The technology, created by the European company RegPoint, will will have the ability to send SMS messages immediately to all mobile phones in a designated locality, pinpointing precise warnings, guidance or other information to a specific geographical region before a disaster strikes.
In the case of a Tsunami, the warning service will be able to provide citizens with accurate and rapid information on the size, scale, and expected time of the disaster, as well as with advice on how best to secure their safety.
The Indian National Center for Ocean Information Services (INCOIS) has recognized how imperative an effective early-warning system is, especially since the Boxing Day Tsunami of 2004 killed 230,000 people in 14 countries around the Indian Ocean, and has been working with UK based firm RegPoint to put one in place.
“Even in a technologically advanced 21st century, we remain dangerously exposed to the worst Mother Nature has to offer,” RegPoint’s Chief Executive, Sophia Salenius, said.
“When we launch our new warning service in 2015, which we have been developing in conjunction with the Indian government, we will have gone a long way to preventing future loss of life.
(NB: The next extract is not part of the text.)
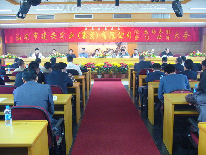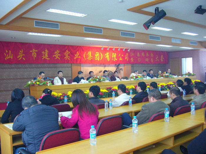 2月21日下午,汕头市建安实业(集团)有限公司在集团公司六楼多功能厅隆重召开2009年总结表彰暨2010年动员大会,集团公司领导、全体员工,各分公司、公司、工程处、项目部部分人员,我司幼儿园及文化活动中心全体人员近180人参加了会议。

“When the final technological development is completed early next year, we will have the capability to utilise a wealth of information and state of the art scientific analysis to significantly improve survival rates when disasters hit.”
Siddhartha Das, an experienced technical manager with local experience in the region, has been hired to run the growing operation, as the Indian government, in association with RegPoint, gears up for the launch of its new disaster warning service.
“We have been faced with some technical challenges over the last six months that we are now beginning to overcome. With the help of a new technical partner on site in Hyderabad, we are making the final improvements to a system that will undoubtedly save hundreds of lives,” said Das.